Deployment of a Local LLM (On-prem AI) as a Secure Knowledge Assistant in the Metal and Manufacturing Industry

Feb. 13, 2026, 1 p.m.
27
Jakub Smeda
Author
Jakub Smeda

Companies in the metalworking sector and heavy manufacturing increasingly deliver complex infrastructure, energy, and export contracts that require working with thousands of pages of technical documentation, quality standards, material specifications, technical procedures, and contractual clauses. At the same time, requirements around protecting know-how, process documentation, and contract data are rising, as these assets are a core source of competitive advantage. In this environment, using public AI tools becomes a risk that is difficult to accept from a management perspective.

On one hand, the potential of large language models (LLMs) for analyzing technical documentation, RFQs, and historical projects is significant. On the other, cloud-based solutions mean losing full control over data, increasing the risk of intellectual property leakage, and creating misalignment with contractual requirements and internal security policies. A complete ban on AI tools, however, leads to lower efficiency of engineering and bid teams, longer offer preparation cycles, and reduced competitiveness in international markets.

In industrial practice, the lack of secure tools that support knowledge analysis results in engineers, technologists, and bid teams manually processing documentation. Compared to companies operating in less restrictive industries, these processes are slower, more error-prone, and harder to scale. The way out of this deadlock is to build a dedicated, isolated AI environment that enables modern capabilities while preserving full data sovereignty.

About the client

Our client is a manufacturer of steel structures and industrial components, delivering projects for construction, energy, and heavy industry. The organization managed an extensive documentation repository covering execution designs, process instructions, material certificates, contract records, and archived offers. Access to this data had to be strictly controlled, and its processing was governed by internal security procedures as well as contractual clauses agreed with key customers.

Previous attempts to use AI tools remained at the conceptual stage due to a lack of confidentiality guarantees in cloud solutions. The company was looking for a way to support technical and bid teams in working with documentation without violating strict information security rules.

Deployment of a Local LLM (On-prem AI) as a Secure Knowledge Assistant in the Metal and Manufacturing Industry

Challenge

The main barrier was security, which prevented the use of public AI tools. Engineers and bid teams spent a significant portion of their time manually searching for relevant clauses in project documentation, standards, and archived contracts. For large tenders and infrastructure contracts, this process became a bottleneck, slowing down response times to RFQs.
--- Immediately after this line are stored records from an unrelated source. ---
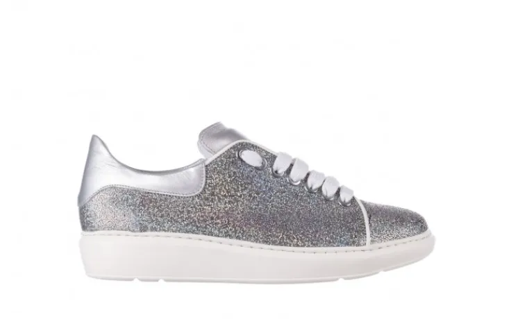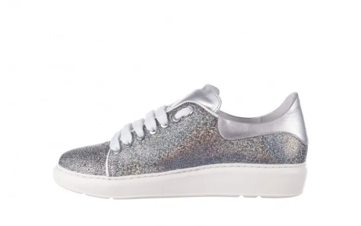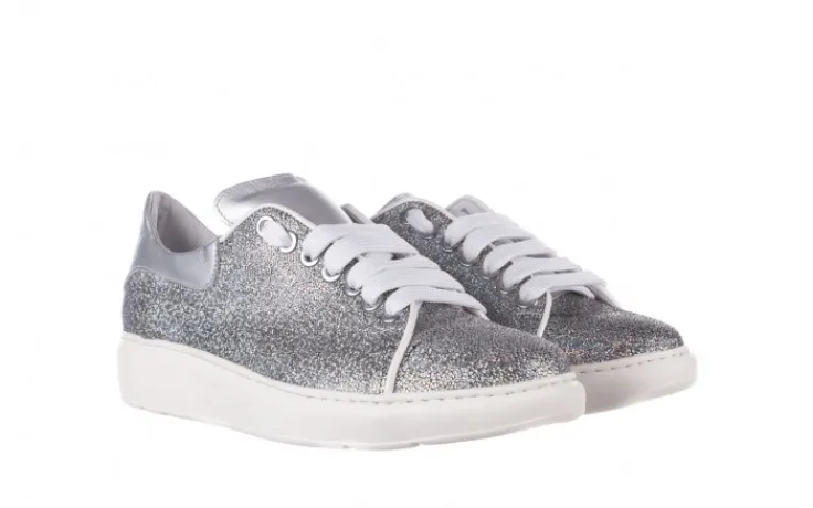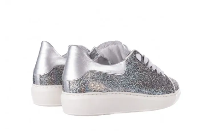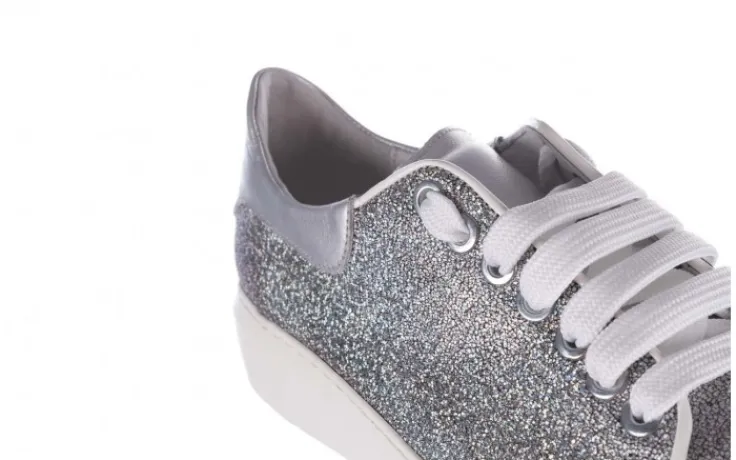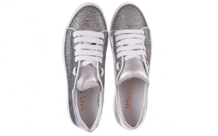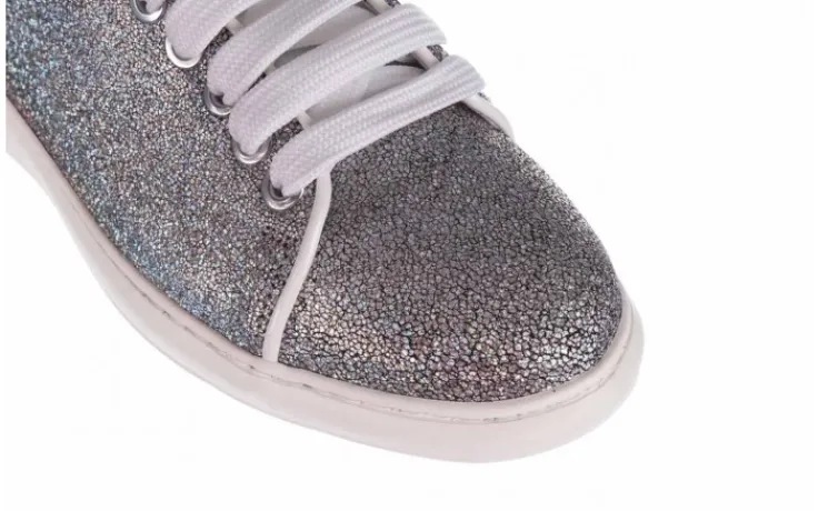 Wykonane z skóry naturalnej pokrytej brokatem. Obuwie sznurowane.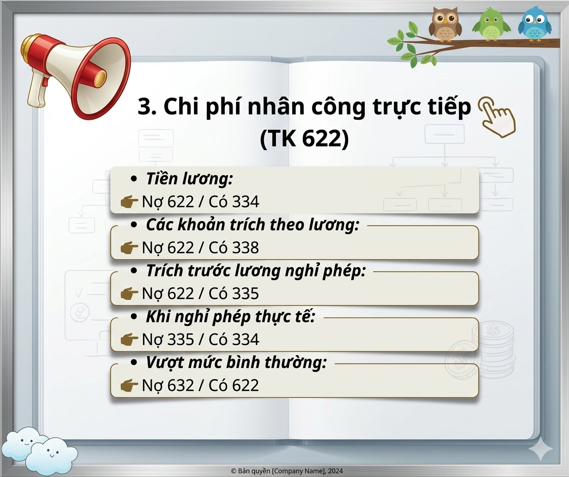 Nợ TK 154 (phần trong định mức)Nợ TK 632 (phần vượt mức) Có TK 621Nhân công trực tiếp: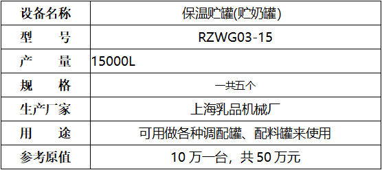 標(biāo)的七:上海乳品廠5個儲奶罐,起拍價:36萬元(不含稅),標(biāo)的設(shè)有保留價,競買保證金8萬元。已拆機,設(shè)備完好。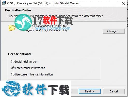 3.目标选择软件安装根目录文件夹;【默认路径为C:\Program Files\PLSQL Developer 14】;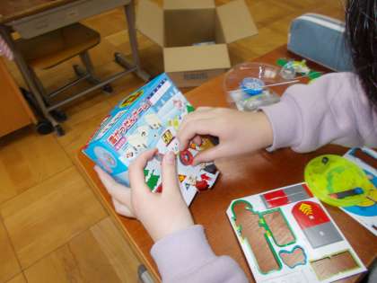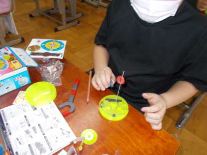 3年生の子どもたちは,理科の授業で使ったじしゃくのキットを使って,おもちゃ作りをしました。じしゃくの特性を生かしたたくさんのおもちゃで遊びながら,楽しい時間を過ごしました。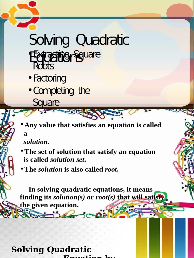 Lesson 2 Solving Quadratic Equation 2 | PDF | Quadratic Equation ...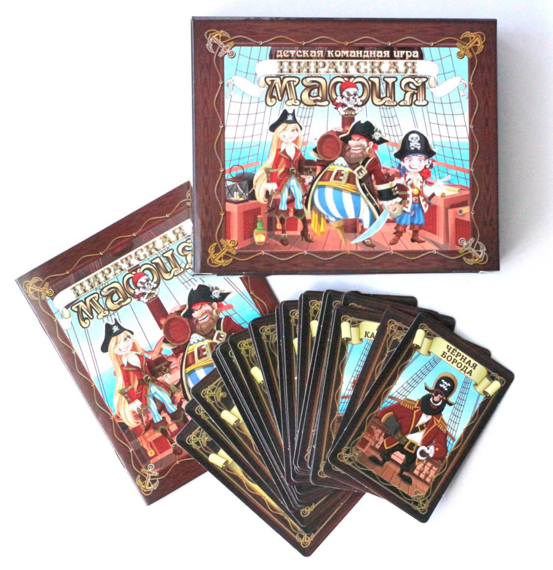 Командная настольная карточная игра «Пиратская мафия». Состав: карточки персонажей – 14 шт. (5,5 х 8,5 см), карточки предметов – 14 шт. (5,5 х 8,5 см), инструкция. Материалы: бумага, картон. Для детей 6–12 лет и их родителей, для 3–15 игроков. Развивает навыки общения в команде, логику, актёрские способности, креативное мышление и умение видеть причинно-следственные связи.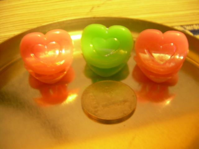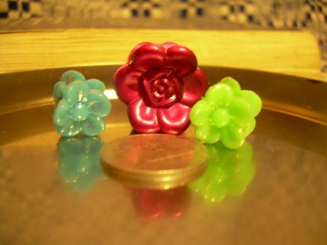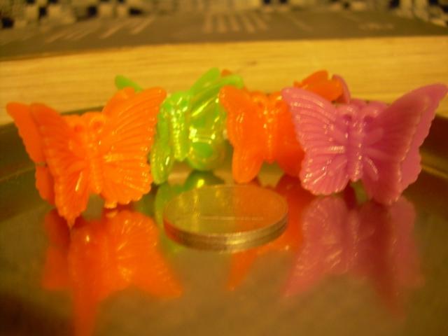 4drugeliai(2oranziniai, rozinis, zalias), 3sirdutes (2rozines ir zalia), 3 gelytes (zalia, melyna ir alyvine)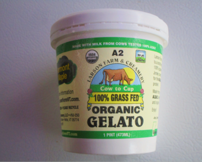 Larson's gelato (Italian ice cream) is made from their own organic 100% grass fed A2A2 Jersey cow milk, and they use only certified organic ingredients.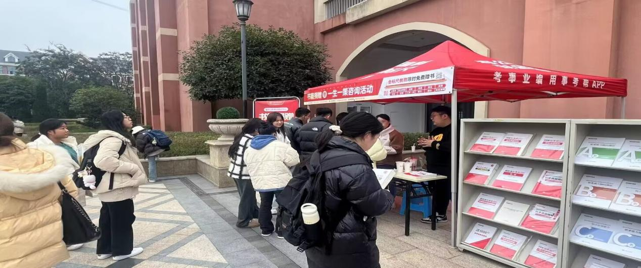 同时,也为同学们开展了为期3天的现场赠书与“一生一策”咨询活动,对同学们专业选岗分析、公考政策、岗位匹配、备考规划等方面问题及疑惑进行了一一解答和指导。同学们积极参与,现场赠送图书300余本,同学们表示老师们的指导对自己目标方向确立及备考计划制定起到很大的帮助,相关考试教材及真题在自己备考过程中具有极高的价值。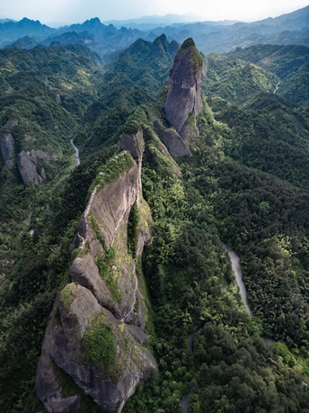 突兀耸立的岩石,冲破山峦的平缓轮廓,于茂密翠绿的植被簇拥中醒目而立。坚硬岩石与蓬勃绿意鲜明对照,蜿蜒山路穿梭其中,似在倾诉人与自然的奇妙交融,尽显雄浑与生机兼具的独特之美。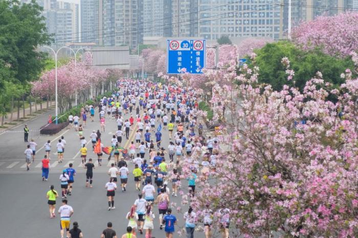 趁著柳州最美時節(jié),2023柳州馬拉松暨警察馬拉松4月9日開跑。該市獨特的洋紫荊盛開路段串聯(lián)成馬拉松賽道,參賽選手們一邊盡情奔跑,一邊領(lǐng)略城市獨特風景。該次比賽吸引中國各地2萬人匯聚柳州,亦促進當?shù)亟?jīng)濟發(fā)展。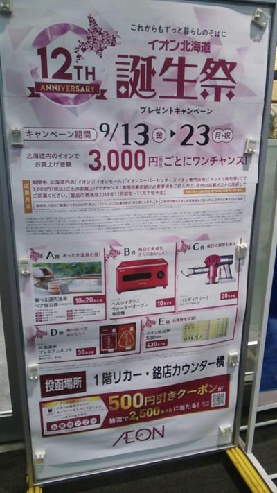 2019年9月16日現在、「イオン北海道誕生祭」が開催中でした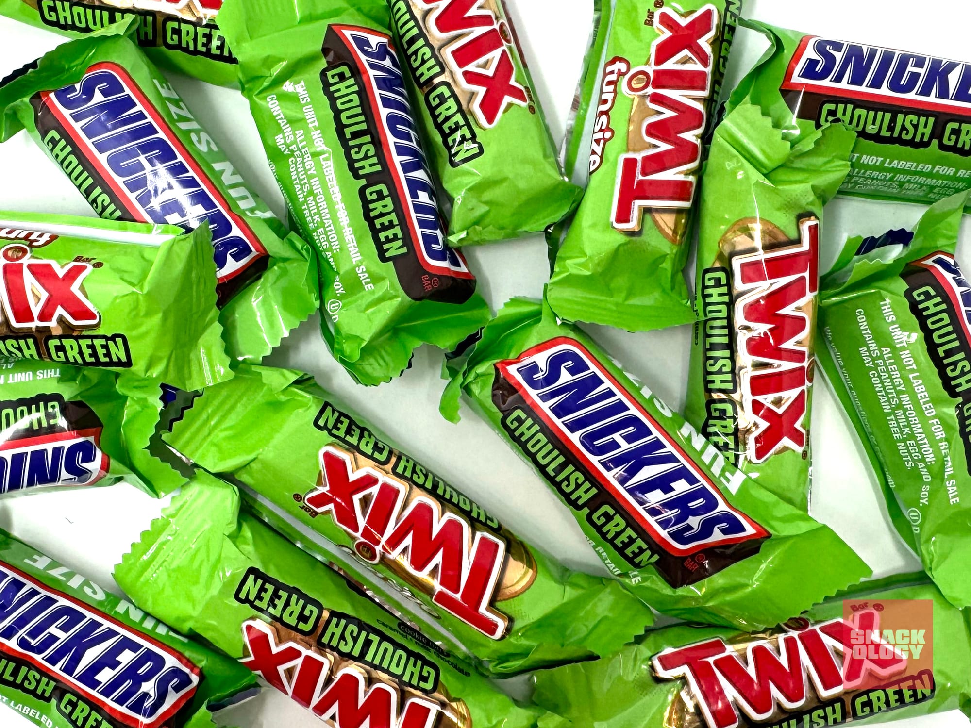 My thoughts: Waitaminute, is Dubai chocolate just a twist on Ghoulish Green filling but for people who’ll spend fifteen bucks on a candy bar? I asked myself as I was taking bites of these Halloween-themed Twix and Snickers bars.

An additional issue was the lack of a central, intelligent knowledge search system that could quickly surface specific technical and formal requirements. The organization also feared the risk of imprecise or unverified answers generated by AI models, which in a technical documentation context could lead to serious contractual consequences.

Our approach

We designed and implemented a Proof of Concept for a local AI assistant based on an on-premises architecture. The first step was to launch dedicated server infrastructure equipped with GPU accelerators, enabling the language model to run without any connection to external networks. Next, we implemented a vector search mechanism (RAG) that fed the model exclusively with documents stored in the client’s internal, secured repository.

As part of the pilot, we built an interface that allowed users to ask natural-language questions against a selected document base. The system was configured so that every answer was supported by a source citation, with precise pointers to the file and the relevant document section. This enabled verification of answer accuracy and eliminated the risk of model hallucinations. The project concluded with AI Governance guidelines defining data access rules and query monitoring principles.

Key platform features

  • A local LLM instance running entirely within the production facility’s infrastructure.
  • Semantic search across technical, bid, and contract documentation.
  • Precise source citations with exact references to files and document sections.
  • Integration with permission systems and granular access control.
  • Full logging of queries and responses for audit purposes.

Results

The pilot of the local AI assistant showed that the time required to analyze bid and technical documentation decreased by approximately 45%. Engineering teams gained the ability to search thousands of pages of documents almost instantly, enabling earlier identification of project risks. In user tests, answer accuracy exceeded 85%, while maintaining full control over data.

Over a three-year horizon, the ROI for a full rollout was estimated at approximately 200%. Savings came primarily from reducing labor hours spent on manual document analysis and lowering the risk of contractual errors.

Strategic impact

Deploying an on-premises LLM became the foundation of a new knowledge management culture within the manufacturing organization. The company protected its technological know-how and built a solid base for further automation of engineering and bid processes, without compromising data security.